In 2025, Tony, who has never used a cane or a guide dog, participated in the Mira Foundation's Vision Challenge, which provides free guide and assistance dogs to people with visual and motor impairments, as well as to people with autism. As part of this challenge, he participated in a car race with more than 35 cars, where he drove blindfolded, guided by a co-pilot.

== Selected publications ==

- "Federalism and the quality of official statistics: Comparative lessons from Argentina, Canada, Germany, India, Nigeria, Switzerland and the United States." Statistical Journal of the IAOS (2026). With Luca Di Gennaro Splendore, Carl Camilleri, Steve Macfeely, and Mario Thomas Vassalo.
- "Citizen-centric public sector data interoperability in Canada: Enabling a mutualized sovereign capacity." CIRANO (May 11, 2026). With Alain Dudoit and Anne-Marie Hubert.
- Conclusion to Constitutional Intelligence: A Decision Architecture for Trustworthy AI Governance, by Celio Oliveira (Friesenpress, 2026).
- "Leadership as stewardship: Cultivating ethical culture and communicating values in national statistical offices." Conference of European Statisticians, Geneva, Switzerland, 12-13 March, 2026.

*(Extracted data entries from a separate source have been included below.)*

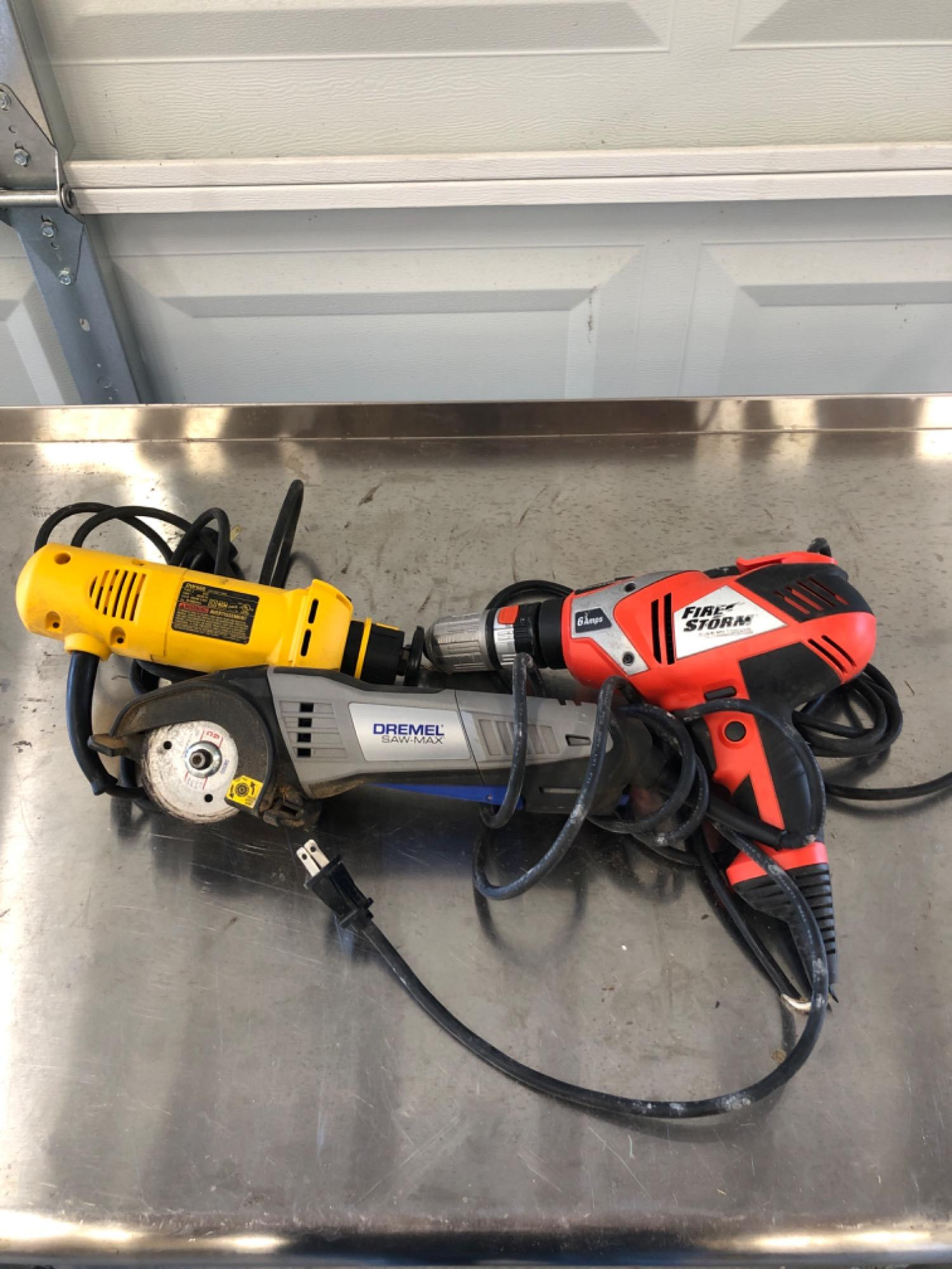 3 Electric Hand Tools Includes: DeWalt DW660 Cut-Out Tool Dremel Saw Max Tool Kit Black&Decker "Firestorm" 6 amp 3/18" drill All Working
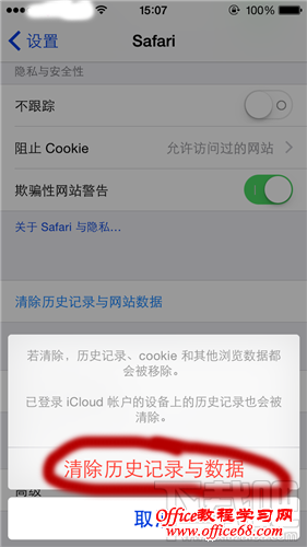 第二步,在本页中找到“清除历史记录与网站数据”,点击即可达到清除缓存的目的。
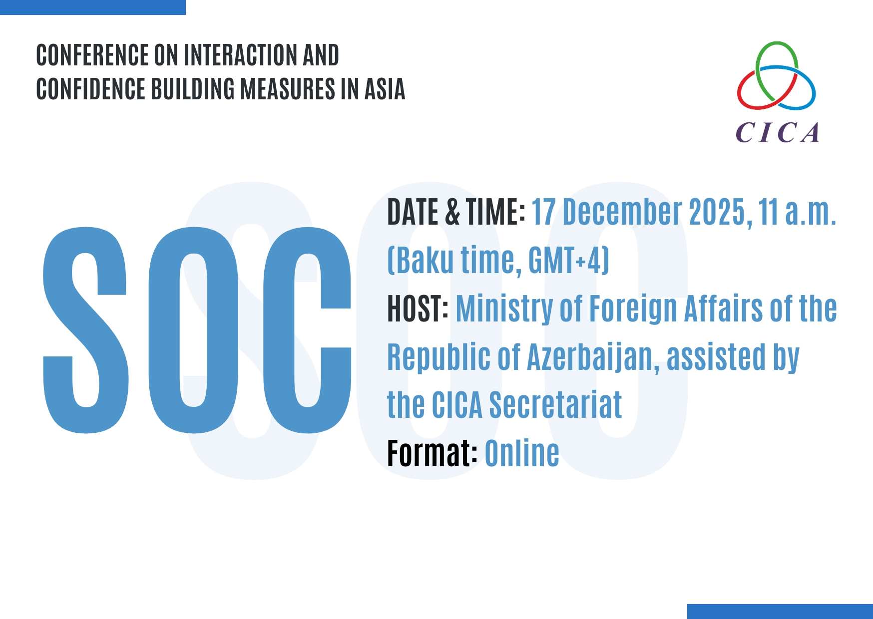 The CICA Senior Officials Committee (SOC) will convene under the Chairmanship of the Republic of Azerbaijan to discuss key issues on the current CICA agenda and to adopt decisions and documents.

- "Public sector data interoperability and responsible adoption of AI in Canada: Strategic overview and call to action." CIRANO (February 2, 2026). With Alain Dudoit and Celio Oliveira.
- "Digital sovereignty and artificial intelligence in Canada: From system fragmentation to integrated strategic capacity in the public sector." CIRANO (December 2, 2025). With Alain Dudoit.
- "Research and analysis to better understand data and collection activities." In Proceedings of the Survey Methods Section: Statistical Society of Canada Annual Meeting, May 2004. With Judy Lee.